With warm weather comes outdoor activities and spending more time in the sun. Hatem El Halabi, MD, FACS gives advice about how to protect yourself from the dangers of melanoma, a serious form of skin cancer. “Melanoma is an aggressive skin cancer that can metastasize,” says Dr. El Halabi, a surgical oncologist who has a special interest in treating melanoma and other skin cancers. “If left untreated, it can spread to lymph nodes, the liver, the lung and the brain.”
Melanoma is the sixth most common cancer and the number of cases diagnosed each year is increasing faster than any other cancer. Excessive sun exposure, a blistering sunburn as a child, and using a tanning bed increase the chances of developing melanoma. People who burn but don’t tan and have very fair skin are at higher risk of melanoma. So are people who have a family history of melanoma, a large number of moles, or a suppressed immune system. When going outside, Dr. El Halabi recommends using a sunscreen of at least 30 SPF and covering up — even on cloudy days. Ultraviolet rays that cause sunburn pass through clouds and can be reflected off bright surfaces such as concrete, sand, snow and water. Children need a higher SPF sunscreen than adults and should not stay in the sun for long periods of time.

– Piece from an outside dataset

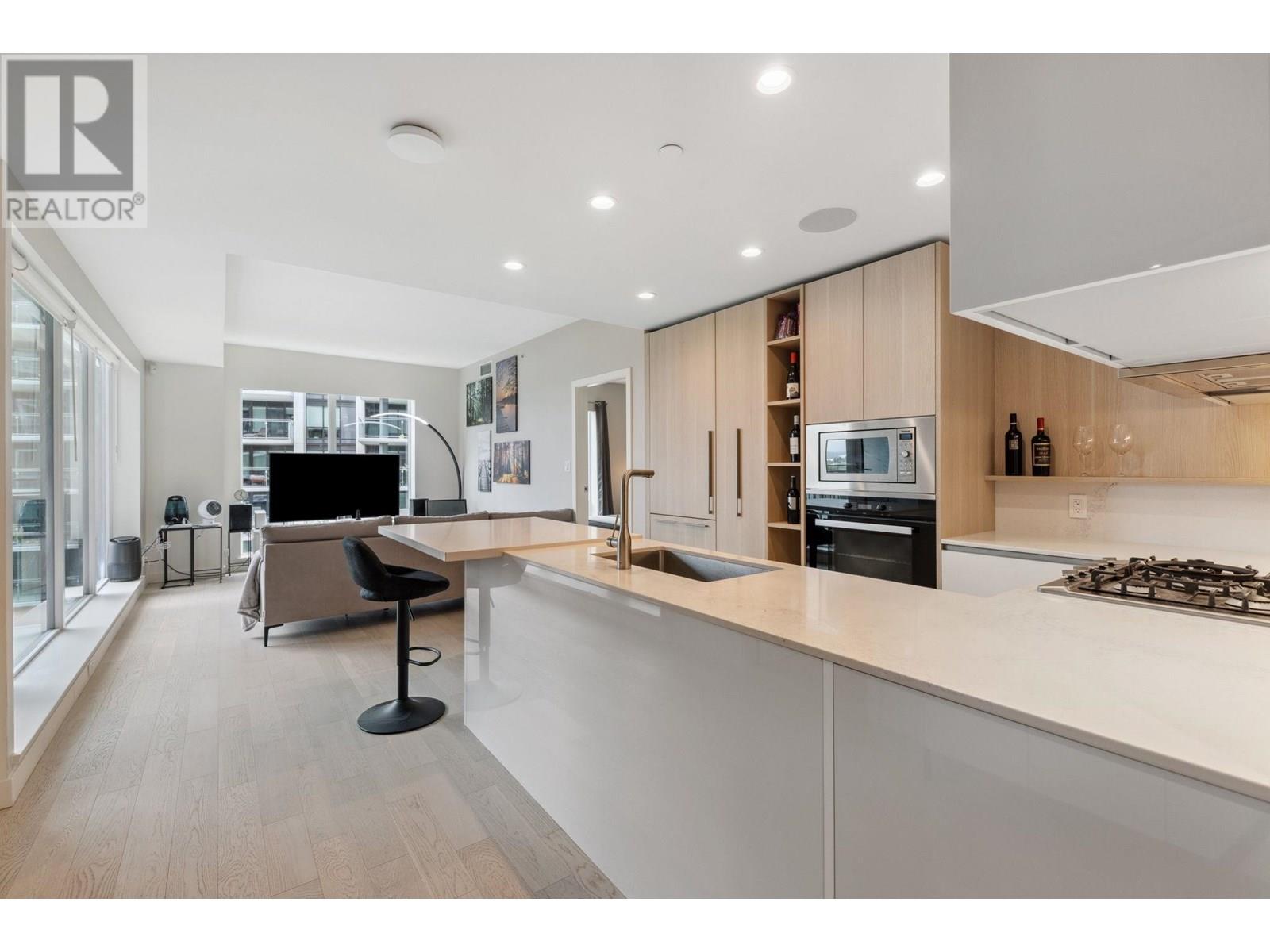 Welcome to Hollybridge at River Green by ASPAC. This stunning 2 bed + den home features a highly functional layout with luxurious finishes throughout. Enjoy panoramic views of the water, mountains, and gardens from your oversized balcony. Thoughtfully designed with 9' ceilings, floor-to-ceiling windows, smart home integration, and an Italian kitchen with Miele appliances. Bonus: custom headboard in the primary bedroom and built-in cabinets in the den for added storage. Amenities include 24-hr concierge, indoor pool, sauna/steam, gym, basketball court, karaoke room, co-working space & more. Steps to the Oval, dining & shops. OPEN HOUSE: Jul 5th & 6th, 2-4PM (id:48970) Show More

“Don’t think that you are fully protected by just using sunscreen,” he says. “Cover up with clothes. If you’re swimming, cover up when you come out of the water.” For those at higher risk of melanoma, Dr. El Halabi advises avoiding the sun as much as possible between 10:00 am and 4:00 pm when the sun’s rays are the strongest. He also cautions against using indoor tanning beds, which have been linked to increased risk of melanoma. Sunscreen becomes less effective over time and should be thrown out after its expiration date. If there isn’t an expiration date, it should be discarded after three years — sooner if it has been left in a hot car, because high temperatures speed up the process.

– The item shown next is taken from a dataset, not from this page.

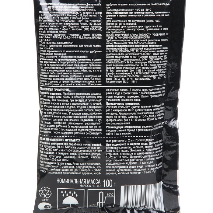 Массовая доля питательных веществ, %: Азот – 8, Фосфор – 8, Калий – 18, Магний – 4, Сера – 41, Железо в хелатной форме

Moles that could turn into melanoma may or may not be raised, and may bleed, itch or crust over. They can develop anywhere on the skin, including the back, chest, the palms of the hands, and even under toenails or soles of the feet. Alexandria resident Lynn Gallagher found melanoma on the bottom of her right foot. Since she had had a kidney transplant and takes anti-rejection drugs that suppress her immune system, she knew she was susceptible. Her family also is fair-skinned and has a history of skin cancer, so she had it checked.
“It looked like a bruise on the bottom of my foot between two toes,” Lynn says. “It wasn’t raised and there was no pain. It didn’t look like anything you would think of as a skin cancer.”
Lynn’s treatment included a skin graft, so Dr. El Halabi worked with Mazen Bedri, MD, a plastic and reconstructive surgeon. Both physicians are members of the Virginia Hospital Center Physician Group. When Dr. El Halabi operated to remove the cancerous tissue, Dr. Bedri put a graft in the wound to encourage capillary growth for good tissue and blood supply. Lynn now is “back to normal,” she says. Doing regular self-examinations of your skin will make you more aware when changes in moles occur, Dr. El Halabi notes. Have your significant other or family member check areas of your body that you can’t see. See your doctor if you notice any changes that concern you.
“There’s always a much better chance of curing melanoma with early detection. It’s important to know what to look for,” he says.


Moles are very common and the chance of a mole becoming a melanoma is very small. Just to be on the safe side, check any moles for these five warning signs.
A is for asymmetry. One half of the mole is different from the other half.
B is for borders. They may be ragged or irregular.
C is for color variation. Melanoma moles may be black with brown
D is for diameter. Anything bigger than a pencil eraser is concerning.
E is for evolution. If you’ve had a mole for a long time and it changes in color or shape, get it checked.